▸ **Task directions**:
Each entry below should be echoed exactly, with pictures omitted.

▸ **The data**:
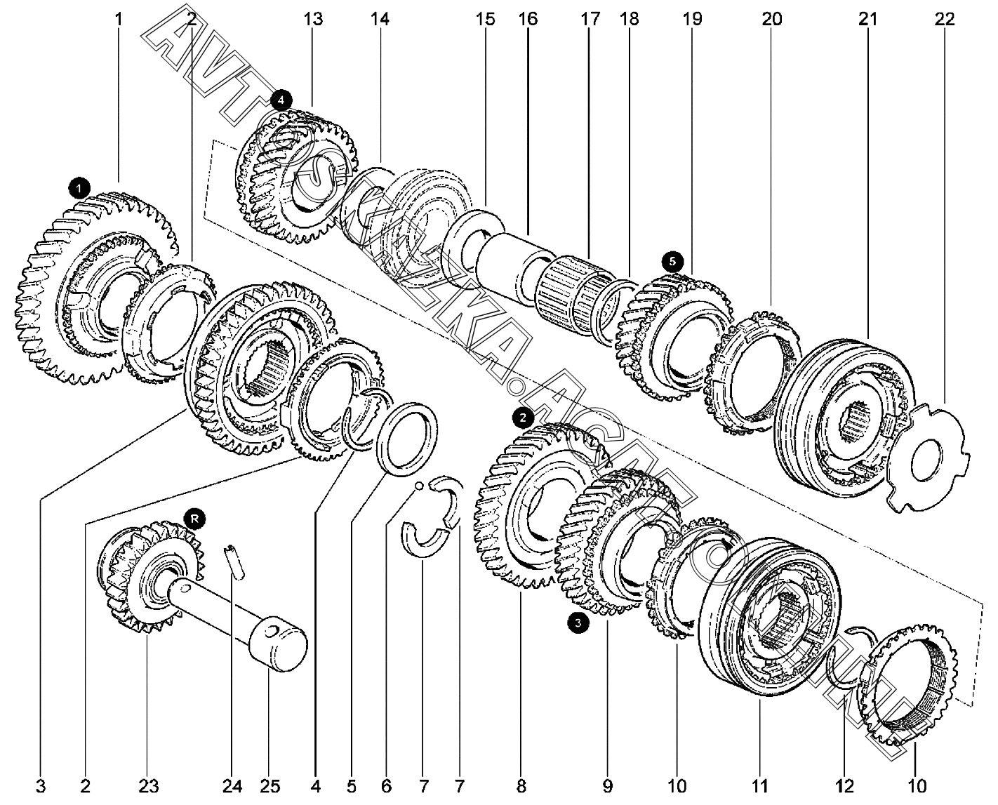 Шестерни КПП (BVI5-P3M,P4M) ВАЗ Largus (Lada Largus (хэтчбек, универсал, фургон, FL, CROSS))
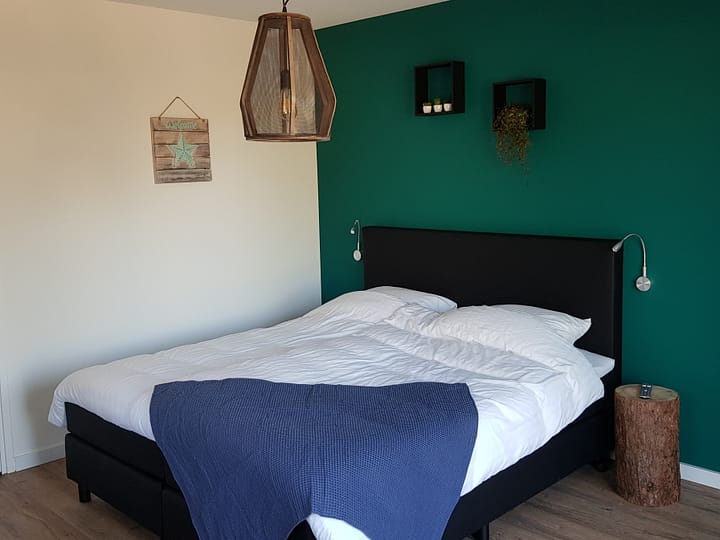 Kamer De Bollekamer heeft een eigen entree en ligt op de begane grond. De kamer heeft een tweepersoons bed, zitje, smart-tv, koelkast, waterkoker en Senseo. De badkamer heeft een inloopdouche, wastafel en toilet. Via openslaande deuren kom je op een privéterras met zitje, voorzien van elektrische zonnescherm. De drie kamers in BzB Westerduinen zijn ingericht met een ‘industriële touch’.
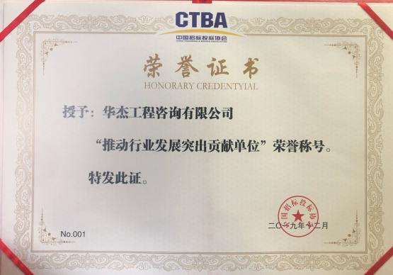 近日,中國(guó)招投標(biāo)協(xié)會(huì)授予華杰公司“推動(dòng)行業(yè)發(fā)展突出貢獻(xiàn)單位”、“轉(zhuǎn)型升級(jí)示范單位”兩項(xiàng)榮譽(yù)稱號(hào)。
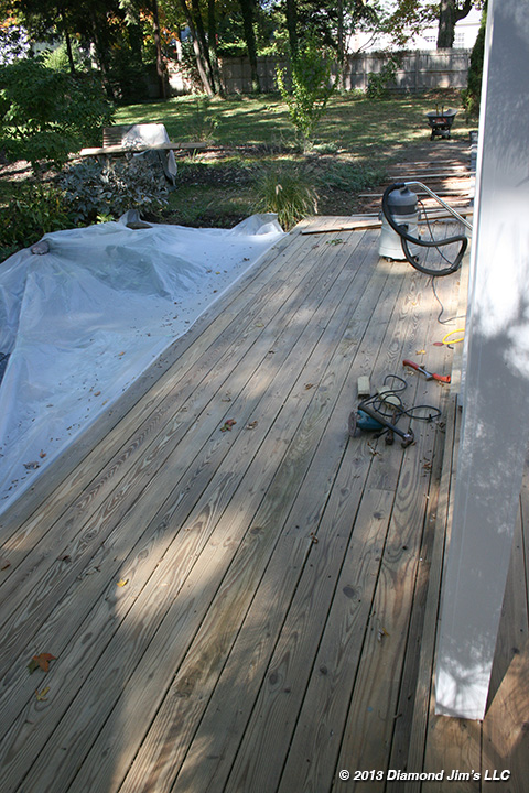 The pressure treated wood next to the koi pond did not have paint on it. It was cleaned, sanded and buffed.
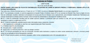 A Prefeitura de Ribeirão Preto, por meio do Diário Oficial desta quarta-feira (23), anunciou a promulgação da Lei que inclui no IPTU (Imposto Predial e Territorial Urbano) uma folha de contribuição voluntária para fins sociais.
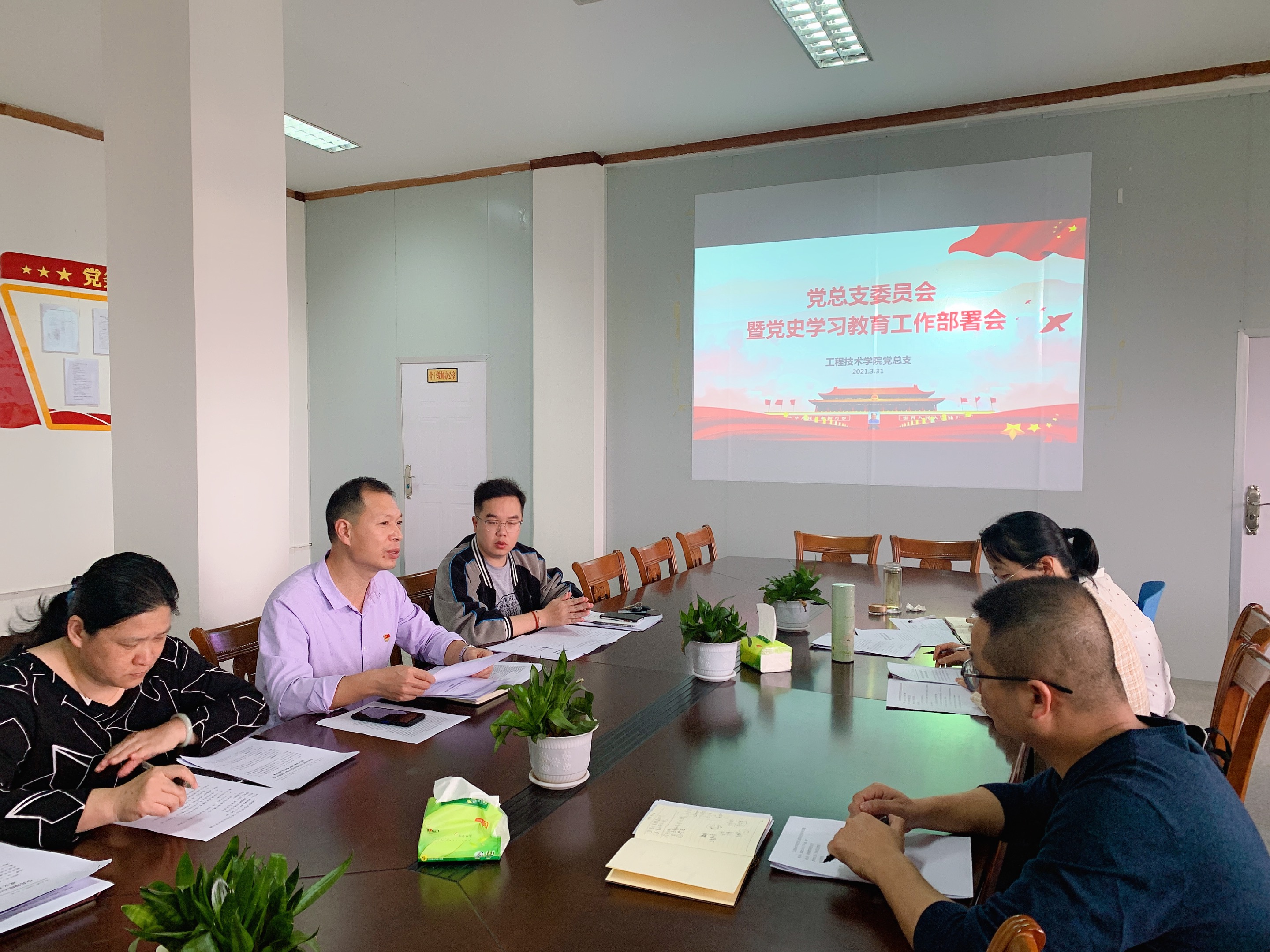 为迎接建党100周年,推动学院党史学习教育扎实有效开展,3月31日下午,诸侯快讯ok1133.com党总支召开党史学习教育工作部署会,学习贯彻落实习近平总书记在党史学习教育动员大会上的重要讲话精神,学习校党委关于开展党史学习教育的通知精神,部署学院党史学习教育工作。学院党总支书记曾凤生、常务副院长金承勇、副院长李影及全体党总支支委出席了会议。
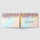 This lovely guestbook has a (faux) pink glitter pattern printed at the top cascading down from above on both the front and the back, over a lovely, dreamy pattern of pastel pinks, blues, and yellows featuring in the background. It has a golden spine, and the text ('Guestbook') on the front can be personalised to suit, or just left as is. This elegant guestbook would be suitable for any number of important occasions and celebrations, from weddings to 21st birthdays, engagement parties, wedding anniversary celebrations and more to provide you with a lovely keepsake of your important event.
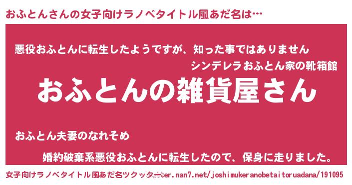 | 男性向けラノベタイトル風あだ名 | 『やはりおふとんの青春ラブコメはまちがっている 』 |
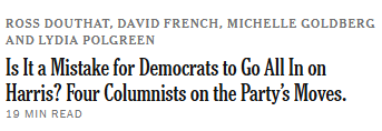 However, as the Democrats quickly coalesced around Harris, and the dreams of the editors and pundits evaporated, all these posts by the “Editorial Boards” disappeared.
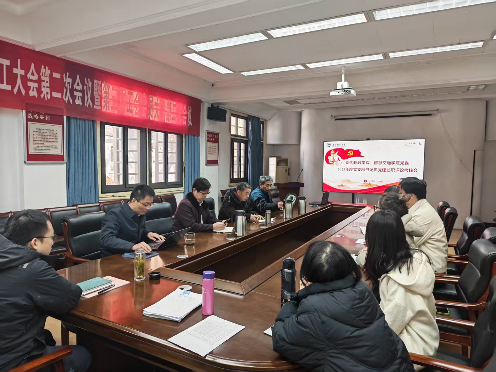 为全面总结2025年度党建工作,进一步强化支部党建工作责任制,推动基层党建责任落实,12月25日,现代邮政学院、智慧交通学院党委在三牌楼校区行政北楼学院207会议室召开2025年度党支部书记抓党建述职评议考核会。学院党委委员、党支部书记、组织员、党风联络员和党员代表参加会议。考核会由学院党委书记胡学忠主持。
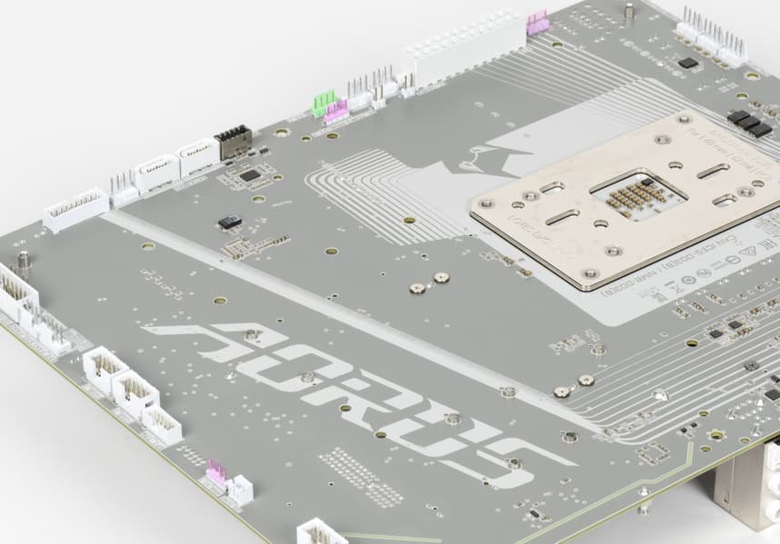 Материнская плата Gigabyte X870 Aorus Stealth Ice — модель достаточно высокого уровня на чипсете AMD X870, ее стоимость ожидается в пределах 45-50 тысяч рублей (на момент публикации обзора продажи еще не начались). Она поддерживает процессоры AMD Ryzen 7000/8000/9000 и создана для геймеров и продвинутых пользователей. Плата уникальна тем, что большинство разъемов у нее вынесены на тыльную сторону текстолита, а на лицевой остались лишь процессорный сокет, слоты памяти, PCIe и M.2. Это дает возможность оставлять все требуемые кабели с задней стороны корпуса, освободив от них видимую переднюю часть. В результате получается красивый ПК белого цвета без торчащих кабелей, но корпус нужен специальный, с вырезами для разъемов платы в монтировочной пластине.
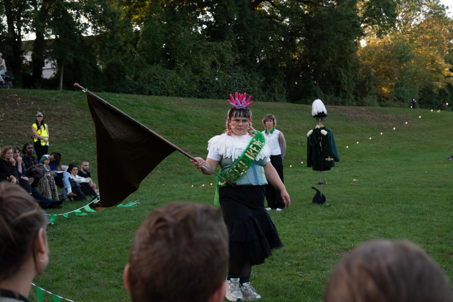 Im Dialog zwischen Fahnen, Gesang und Blasinstrument entsteht auf einer Wiese am Deich hinter der Schwankhalle ein Ritual zwischen Unterhaltungsshow und urbanem Brauchtum. Die Performance fragt nach der Rolle der Gemeinschaft in Städten und nach dem Weiterleben von kulturellem Erbe. Umkreisung für Umkreisung wird die Wiederholung zum Symbol für das Aufbrechen von Traditionen.

▸ **Your response**:
 Шестерни КПП (BVI5-P3M,P4M) ВАЗ Largus (Lada Largus (хэтчбек, универсал, фургон, FL, CROSS))
 Kamer De Bollekamer heeft een eigen entree en ligt op de begane grond. De kamer heeft een tweepersoons bed, zitje, smart-tv, koelkast, waterkoker en Senseo. De badkamer heeft een inloopdouche, wastafel en toilet. Via openslaande deuren kom je op een privéterras met zitje, voorzien van elektrische zonnescherm. De drie kamers in BzB Westerduinen zijn ingericht met een ‘industriële touch’.
 近日,中國(guó)招投標(biāo)協(xié)會(huì)授予華杰公司“推動(dòng)行業(yè)發(fā)展突出貢獻(xiàn)單位”、“轉(zhuǎn)型升級(jí)示范單位”兩項(xiàng)榮譽(yù)稱號(hào)。
 The pressure treated wood next to the koi pond did not have paint on it. It was cleaned, sanded and buffed.
 A Prefeitura de Ribeirão Preto, por meio do Diário Oficial desta quarta-feira (23), anunciou a promulgação da Lei que inclui no IPTU (Imposto Predial e Territorial Urbano) uma folha de contribuição voluntária para fins sociais.
 为迎接建党100周年,推动学院党史学习教育扎实有效开展,3月31日下午,诸侯快讯ok1133.com党总支召开党史学习教育工作部署会,学习贯彻落实习近平总书记在党史学习教育动员大会上的重要讲话精神,学习校党委关于开展党史学习教育的通知精神,部署学院党史学习教育工作。学院党总支书记曾凤生、常务副院长金承勇、副院长李影及全体党总支支委出席了会议。
 This lovely guestbook has a (faux) pink glitter pattern printed at the top cascading down from above on both the front and the back, over a lovely, dreamy pattern of pastel pinks, blues, and yellows featuring in the background. It has a golden spine, and the text ('Guestbook') on the front can be personalised to suit, or just left as is. This elegant guestbook would be suitable for any number of important occasions and celebrations, from weddings to 21st birthdays, engagement parties, wedding anniversary celebrations and more to provide you with a lovely keepsake of your important event.
 | 男性向けラノベタイトル風あだ名 | 『やはりおふとんの青春ラブコメはまちがっている 』 |
 However, as the Democrats quickly coalesced around Harris, and the dreams of the editors and pundits evaporated, all these posts by the “Editorial Boards” disappeared.
 为全面总结2025年度党建工作,进一步强化支部党建工作责任制,推动基层党建责任落实,12月25日,现代邮政学院、智慧交通学院党委在三牌楼校区行政北楼学院207会议室召开2025年度党支部书记抓党建述职评议考核会。学院党委委员、党支部书记、组织员、党风联络员和党员代表参加会议。考核会由学院党委书记胡学忠主持。
 Материнская плата Gigabyte X870 Aorus Stealth Ice — модель достаточно высокого уровня на чипсете AMD X870, ее стоимость ожидается в пределах 45-50 тысяч рублей (на момент публикации обзора продажи еще не начались). Она поддерживает процессоры AMD Ryzen 7000/8000/9000 и создана для геймеров и продвинутых пользователей. Плата уникальна тем, что большинство разъемов у нее вынесены на тыльную сторону текстолита, а на лицевой остались лишь процессорный сокет, слоты памяти, PCIe и M.2. Это дает возможность оставлять все требуемые кабели с задней стороны корпуса, освободив от них видимую переднюю часть. В результате получается красивый ПК белого цвета без торчащих кабелей, но корпус нужен специальный, с вырезами для разъемов платы в монтировочной пластине.
 Im Dialog zwischen Fahnen, Gesang und Blasinstrument entsteht auf einer Wiese am Deich hinter der Schwankhalle ein Ritual zwischen Unterhaltungsshow und urbanem Brauchtum. Die Performance fragt nach der Rolle der Gemeinschaft in Städten und nach dem Weiterleben von kulturellem Erbe. Umkreisung für Umkreisung wird die Wiederholung zum Symbol für das Aufbrechen von Traditionen.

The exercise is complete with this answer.